El santuario del señor feudal: Mihashira Jinja
Fundado en 1826, el santuario Mihashira Jinja es uno de los lugares espirituales más importantes de Yanagawa.
Su nombre, que puede traducirse como “Santuario de las Tres Deidades”, hace referencia a las tres figuras históricas que allí son veneradas: Tachibana Muneshige, primer señor del dominio de Yanagawa; su esposa, Tachibana Ginchiyo; y el padre de esta, Bekki Dosetsu.
Muneshige ocupa un lugar especial en la memoria local debido a su extraordinaria trayectoria política y militar. Tras perder sus dominios durante los conflictos del período Sengoku, logró recuperarlos años después, una hazaña poco común en la historia feudal japonesa. Por ello, es venerado como una deidad vinculada a la recuperación, la superación y el renacimiento.
El plato gastronómico más representativo de Yanagawa: el unagi no seiro-mushi
La gastronomía de Yanagawa está estrechamente vinculada a los recursos del mar de Ariake, famoso por sus grandes mareas y su rica biodiversidad. Sin embargo, existe un plato que destaca por encima de todos: el unagi no seiro-mushi.
Esta especialidad consiste en anguila a la parrilla servida sobre arroz sazonado y cocinada posteriormente al vapor en una cesta de bambú. El resultado es una textura especialmente tierna y jugosa, acompañada por el aroma tostado característico de la anguila.

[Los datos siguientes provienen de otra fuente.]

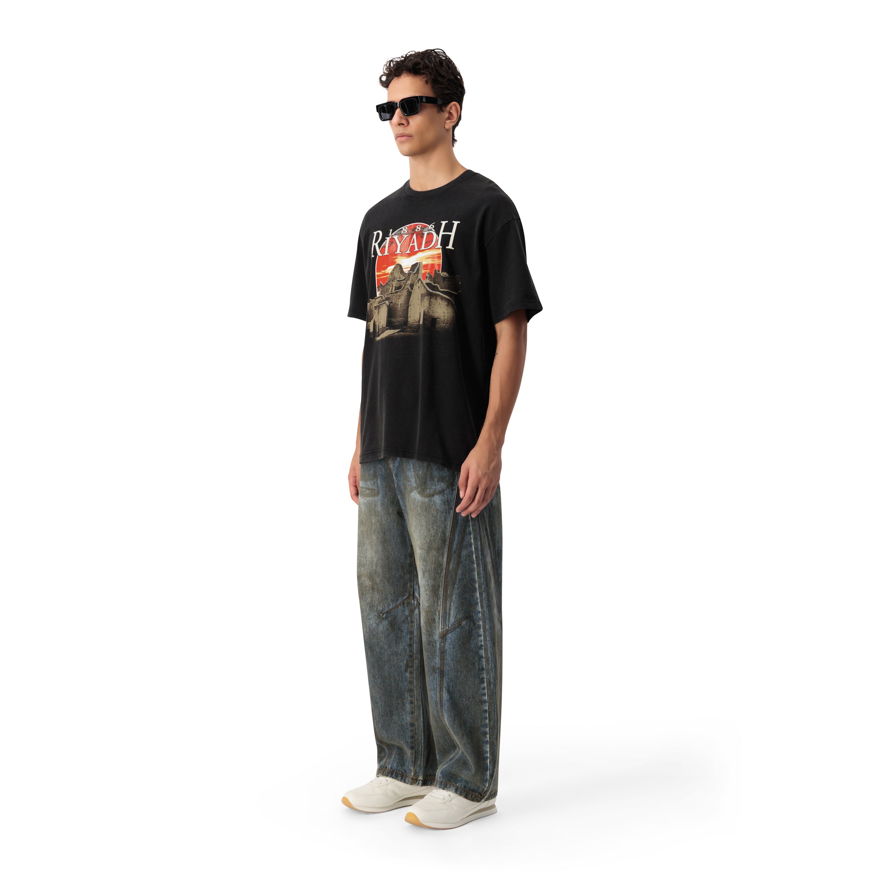 "Exclusive" Black T-shirt Short sleeves Oversized fit "RIYADH" artwork printed at front. Crewneck .

Se trata de una receta nacida en Yanagawa que hoy forma parte de la identidad gastronómica de la ciudad.
Ganso Motoyoshiya Honten
Fundado a mediados del siglo XIX, este histórico establecimiento es uno de los referentes de la gastronomía local. Su larga trayectoria y el respeto por las recetas tradicionales lo han convertido en una institución para quienes desean probar el auténtico unagi no seiro-mushi.
Wakamatsuya
Muy apreciado por los habitantes de la ciudad, Wakamatsuya destaca por su salsa secreta transmitida de generación en generación y por la calidad de su anguila, cuidadosamente asada al carbón antes de ser cocinada al vapor.
Yanagawa, una experiencia para recorrer con los cinco sentidos
Yanagawa es una ciudad que invita a bajar el ritmo. Navegar por sus canales a bordo de una donko-bune permite descubrir la vida cotidiana desde una perspectiva diferente, dejándose llevar por el agua mientras la historia y el paisaje se despliegan lentamente ante los ojos del visitante.
Su célebre unagi no seiro-mushi, sus tradiciones centenarias y el encanto de una ciudad moldeada por el agua convierten la visita en una experiencia difícil de olvidar. Si viajas a Fukuoka, merece la pena dedicar un día a descubrir esta joya cultural que sigue conservando un ritmo y una identidad propios.